What are the disadvantages of dams?

March 12, 2016
Question of the day: 1

Published by: Chief Engineer Mohit Sanguri • edited by: Lamar Stonecypher • updated: 4/5/2013

Dams are designed global to keep water for irrigation, flood control, and generate electrical energy. However, there are numerous bad ecological aftereffects of building big hydroelectric dams. What's a solution to the difficulties?

  • Dams are built all over the globe to regulate floods, shop water and for the generation of electricity. Until now some 800, 000 dams have-been constructed globally. But numerous unwanted effects of big hydroelectric dams came to light, slowing the development of future dams.

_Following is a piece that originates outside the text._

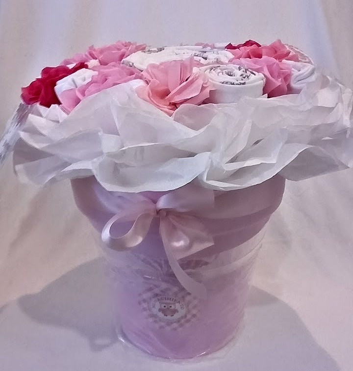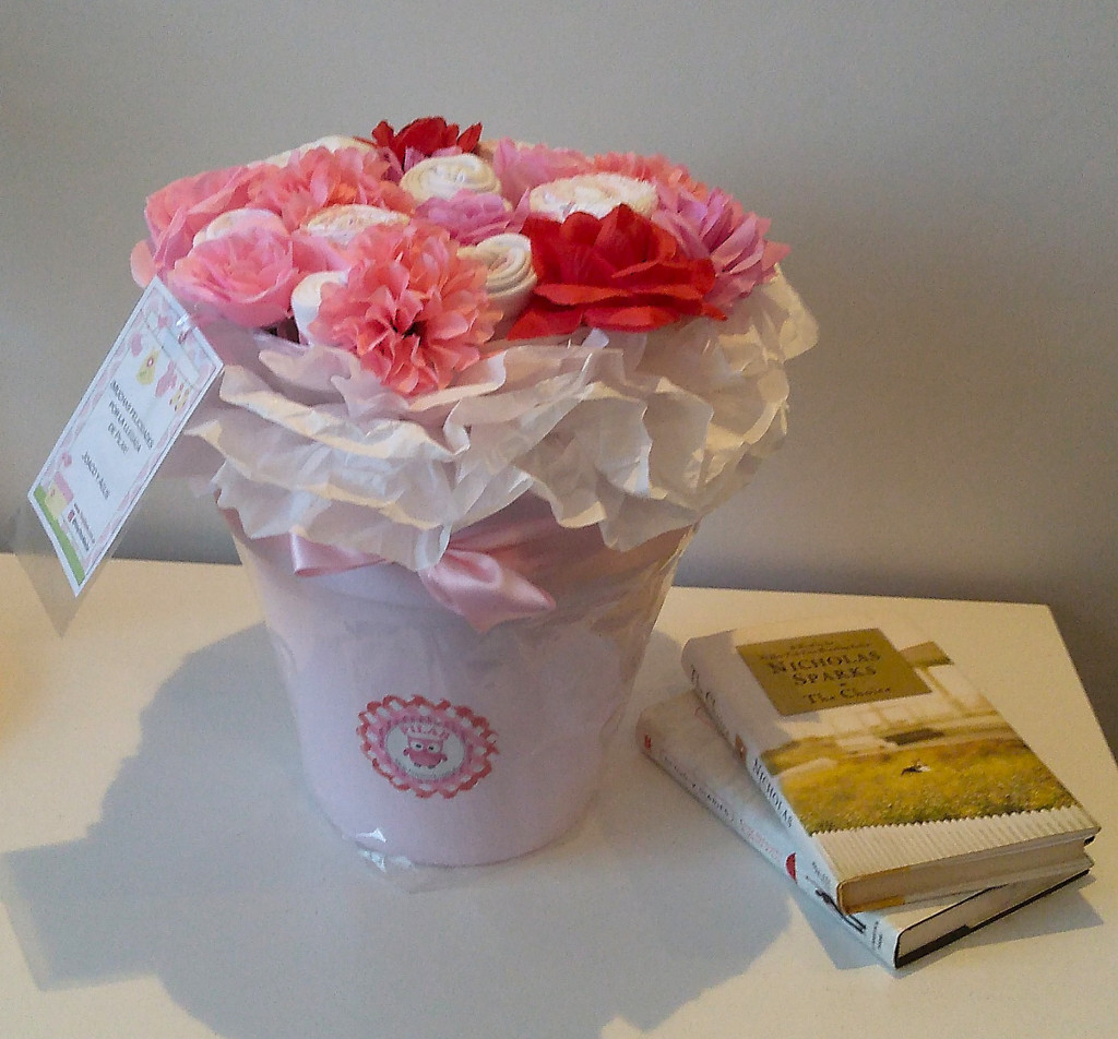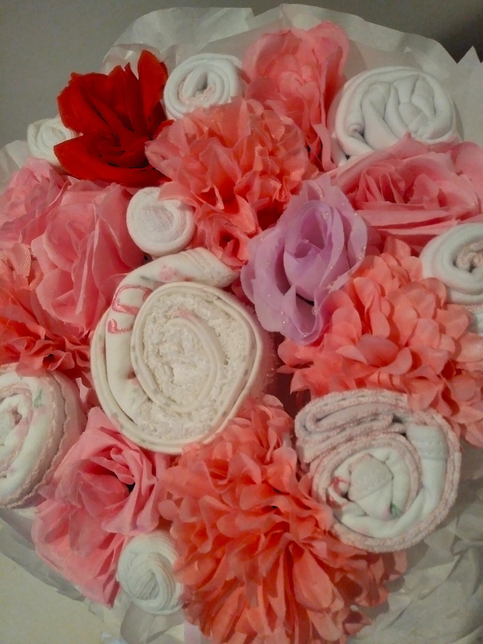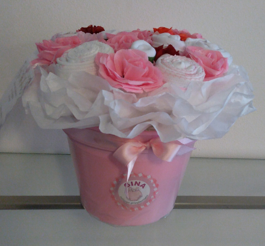 El bouquet contiene 1 babita doble algodón pima con nombre bordado - 1 babero de algodón pima con nombre bordado - 1 gorrito de interlock con terminación de picot - 1 conjunto de batita y pantalón de interlock de algodón con terminación picot rosa ó celeste - 1 par de escarpines de interlock con terminación de picot - 1 toalla chica de 35x25cm con con emboso estampado de algodón pima con nombre bordado - 1 par de medias de cashmilón marca Elemento talle 6 meses marca Elemento - muchas flores de tela,

    Not all the dams tend to be built for the generation of electrical energy. A number of them basically for storage of liquid for the dried out months. There are various kinds of hydroelectric energy plants, and never all need a reservoir of liquid. Listed below are three associated with the main kinds:

    1. Storage kind hydroelectric power plants with dams for gathering and saving liquid. Water can be kept for summer season and for dried out many years, depending on the ability for the reservoir.
    2. Run associated with the river form of hydroelectric power plants which do not collect liquid but they are built on rivers which have good flow and normal rivers coming from a level having great possible power.
    3. Moved storage forms of hydroelectric energy plants in which liquid is moved to a reservoir in off-peak hours and electrical energy is produced in maximum hours to supplement the production. It is similar to a storage facility for electricity.
  • Benefits of Dams

    1. Clean, efficient, and dependable type of power.
    2. Doesn't emit any direct pollutants or greenhouse gases.
    3. Even though the initial cost is high, these are generally very cheap to operate.
    4. Electrical energy produced by hydro-electric energy plants may be the most affordable electricity produced.
    5. Dams stop floods.
    6. Dams store liquid for irrigation in summer months and dry months. Numerous wilderness areas can farm due to dams and canals that supply water.
    7. Dams supply liquid for local consuming needs.
    8. Permits seafood agriculture.
  • Bad Impact of Dams

    1. In level basins huge dams cause flooding of big tracts of land, destroying neighborhood pets and habitats.
    2. Folks have is displaced causing improvement in life style and traditions, also causing psychological scar tissue formation. About 40 to 80 million individuals have already been displaced actually by dams global.
    3. Large amounts of plant life tend to be submerged and decay anaerobically (in the absence of oxygen) creating greenhouse gases like methane. It's estimated that a hydroelectric power plant produces 3.5 times the amount of carbon dioxide as a thermal power-plant burning fossil fuels.
    4. The migratory structure of lake animals like salmon and trout are impacted.
    5. Dams restrict sediments that are accountable for the fertile lands downstream. Farmers use chemical fertilizers and pesticides to compensate the loss in productivity.
    6. Salt water intrusion into the deltas implies that the saline water cannot be employed for irrigation.
    7. Big dams tend to be reproduction reasons for mosquitoes and cause the scatter of condition.
    8. Farmers downstream who always wait for the floods associated with the industries to plant their particular seeds tend to be affected.
    9. Dams act as a temperature sink, together with water is hotter versus regular river-water. This heated water whenever released in to the river downstream make a difference animal life.
    10. Top energy functions can alter water level thirty to forty feet in one time and that can eliminate the animals residing at the shorelines.